When I was a political reporter for The Associated Press covering the 2005 and 2009 governor’s races, I seriously contemplated not voting. I would be covering the administration of whomever won, I reasoned, so I wondered if my objectivity would be tainted if I cast a vote for one or the other major-party candidate. I also thought about writing in another name.
But I also knew that I always voted, I’d feel bad if I didn’t vote, and, having covered the race and sat with the candidates individually, I knew more about them than 99 percent of the residents who would vote. How could I throw that knowledge – and my civic duty – aside?

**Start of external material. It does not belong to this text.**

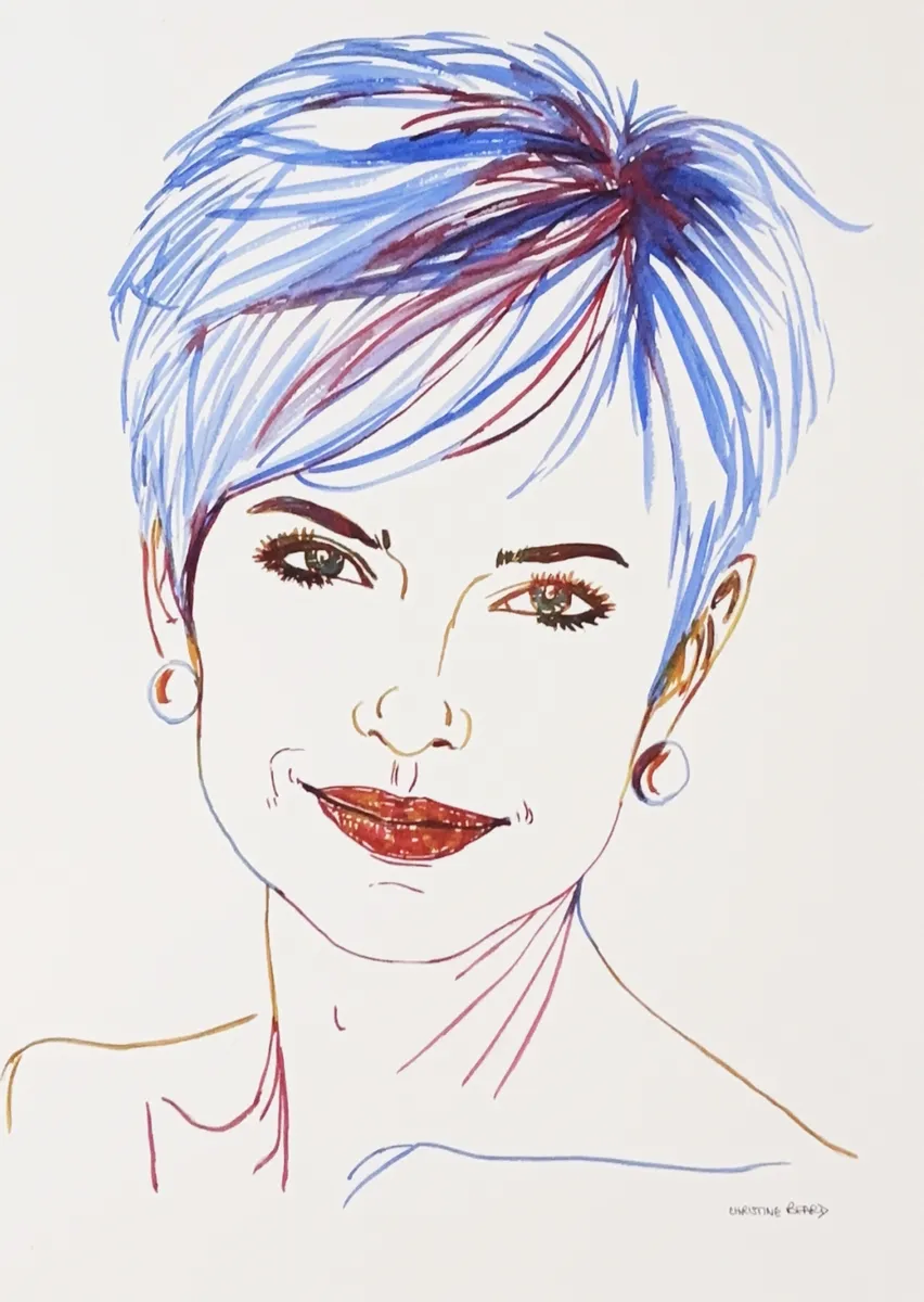 Azure Pixie, Ruby Smile By Christine Beard 2025 Watercolour On Paper 31 cm W x 41 cm H.jpg

Most voters on Tuesday don’t know Phil Murphy or Kim Guadagno and their running mates, and they haven’t paid a lick of attention to the race. But they do have at their fingertips a wealth of information about the candidates that many will never read as they ignore their responsibility to pick a new state leader at this critical juncture for our economy, education system, and environment.
Endorsements. Every major newspaper in the region has weighed in on the New Jersey governor’s race; the only other gubernatorial contest this year being in Virginia. Endorsements by newspaper editorial boards can be a significant resource for voters on the fence about whom to choose. They are carefully thought-out pieces by editors who have studied the candidates and know the issues well. Editors have excellent BS meters; their endorsements pick apart candidate spin and offer insights (often cynically) on what – if anything – each candidate brings to the job.

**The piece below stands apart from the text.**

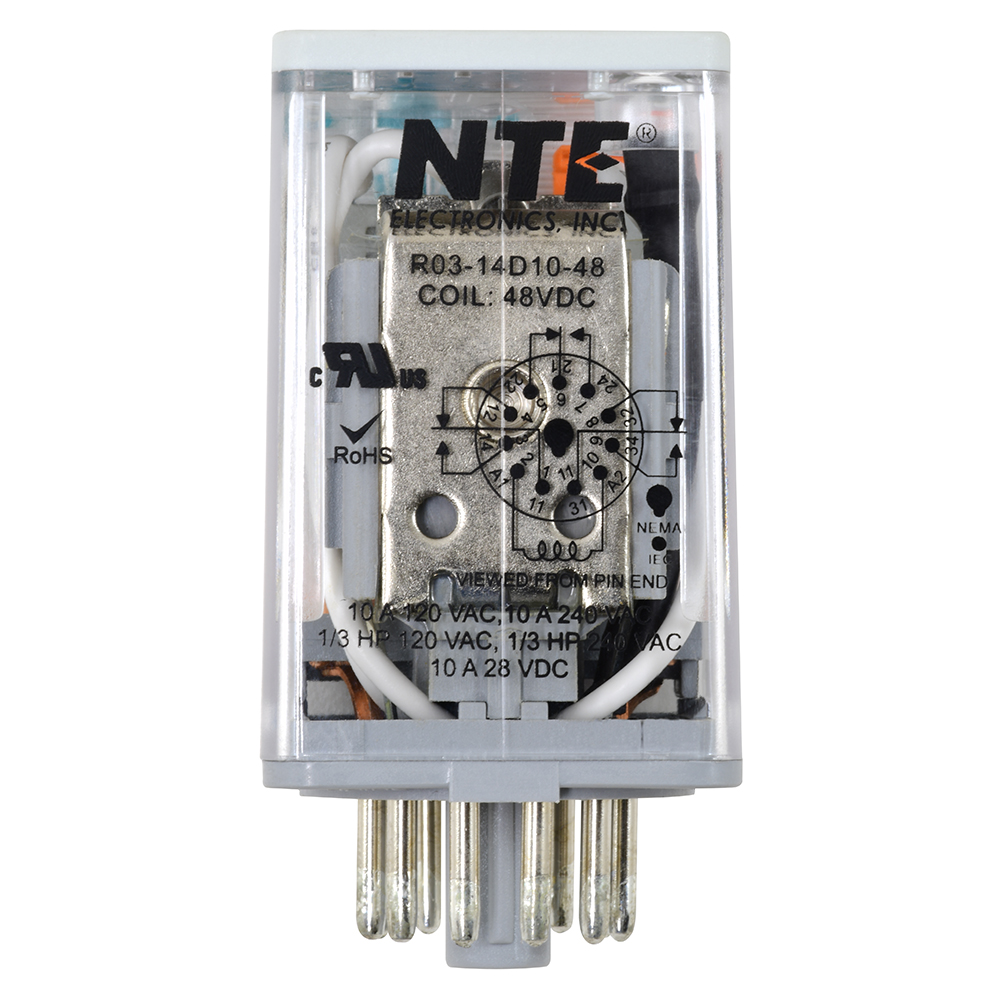 NTE Electronics R03-14D10-48 Series R3 General Purpose Full-Feature DC Relay, 3PDT Contact Arrangement, 10 Amp, 11 Pin Octal Plug, 48 VDC

Most – but not all – have chosen Murphy as the candidate better equipped to steer New Jersey away from what they see as the train-wreck of Chris Christie’s administration. The Record’s editorial added Murphy’s perceived superior ability to “push back against federal policies and congressional actions that will negatively impact New Jersey.” The New Jersey League of Conservation Voters, the first statewide environmental group to back Murphy, also sees his national leadership potential as someone able to push back against President Trump’s destructive environmental agenda.

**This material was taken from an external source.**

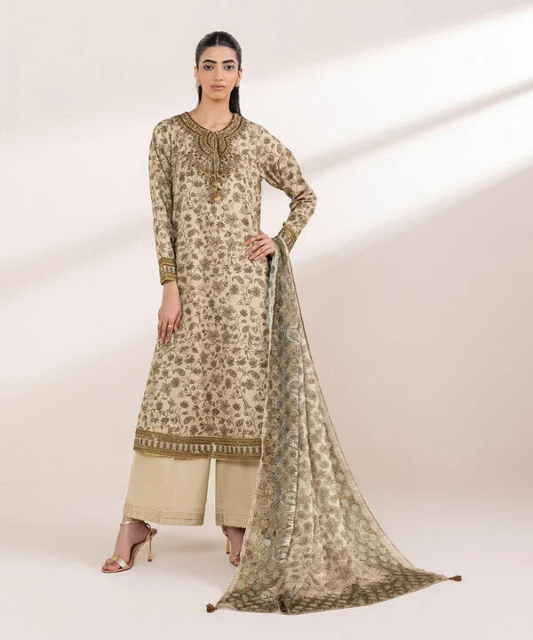 Printed With Embroidered Sequins And Lace Finish Front Panel, Printed With Embroidered Sequins And Lace Finish Back Panel, Round Neckline, Full Sleeves, Calf Length

Offering the opposing view was the Asbury Park Press, which counted Guadagno’s experience as Christie’s deputy as a plus in its calculation that she is best equipped to address what “New Jersey residents have long regarded as the state’s number one issue — crushing property taxes.” Its editorial was mum on the environment, though Guadagno has set the bar higher by promising to rejoin the regional greenhouse reduction pact that her boss pulled New Jersey out of on the bet that it would help his presidential chances.
Special-interest groups have also aligned themselves with a candidate. If you’re a laborer, teacher, or environmental advocate, you’ll want to know that Murphy’s in your camp. Guadagno, on the other hand, is banking on her eight years of advocacy for New Jersey’s business community, her promotion of the state’s $40 billion tourism industry, and accessibility (she has given practically every New Jerseyan her personal cell phone number) to win her votes.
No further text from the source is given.